Ninety-eight percent of people with HIV on a regimen containing efavirenz (found in Sustiva and Atripla) tested false positive for benzodiazepines—prescription sedatives—on a widely used drug test, according to study results published online in Clinical Infectious Diseases. These data suggest that clinicians and others who order routine testing for illicit drug use need to use extra caution when interpreting the results involving people using efavirenz.
Researchers have previously reported that random urine drug testing of people taking efavirenz sometimes results in a false-positive result for marijuana use. Though a more specific test for the active ingredient in marijuana can reveal that people aren’t actually using the drug, this has sometimes led to complications for people who must be tested for illicit drug use, such as for their jobs or as a requirement of their parole. Until now, however, there have been no studies showing that efavirenz could result in a false-positive result for benzodiazepines—including drugs such as Valium (diazepam) and Ativan (lorazepam), which are commonly abused by people with substance-use disorders.

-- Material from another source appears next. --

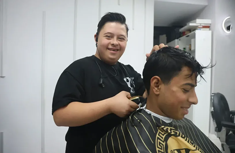 Hatay’ın Antakya ilçesinde yaşayan 16 yaşındaki Down sendromlu Şükrü Dağlı, çırak olarak girdiği kuaför salonunda kısa sürede hem ustaların hem de müşterilerin sevgilisi oldu. Kendine ait berber koltuğu, özel hareketleri ve içten tavrıyla Şükrü, artık mahallenin en sevilen berberi olarak anılıyor. 2025 yılı Nisan ayında kuaför Cuma Karaahmetli’nin iş yerinde vakit geçirmek için bulunmaya başlayan Şükrü, kısa sürede mesleğe olan ilgisi ve öğrenme isteğiyle dikkat çekti. Zamanla saç yıkamadan sakal makinesine, ense tıraşından müşteri karşılama davranışlarına kadar birçok işi yapmayı öğrenen Şükrü, bugün artık kendisine ayrılan özel koltuğunda müşterilere hizmet veriyor.

Antje Blank, MD, from the University Hospital Heidelberg in Germany, and his colleagues decided to study the problem after several of their patients tested positive for benzodiazepines on the commonly used Triage 8 drug screen, but were not taking the drugs. All were on a regimen containing efavirenz. They enrolled 100 HIV-positive patients, half of whom were on an efavirenz regimen and half who were not. All of the patients were screened using several of the most widely used urine drug tests, including the Triage 8, the Drug Screen Multi 5 and the Drug Control 008A444.
Blank’s team found efavirenz resulted in a false positive for benzodiazepines 98 percent of the time. All 50 of the people on an efavirenz regimen tested positive for benzodiazepines on the Triage 8 test, compared with only one of the people on a non-efavirenz regimen. Forty-six of the people taking efavirenz also tested positive for benzodiazepines on the Drug Screen Multi 5 test. Subsequent screenings with a more sensitive test revealed that only one of the 50 was actually taking benzodiazepines. The team found no false positives for marijuana.
“Because efavirenz is an antiretroviral drug that is often given to HIV-infected patients,” the authors conclude, “it is therefore of utmost importance that clinicians and patients know about this cross-reactivity to avoid incorrect consequences after false-positive urine drug screening test results.”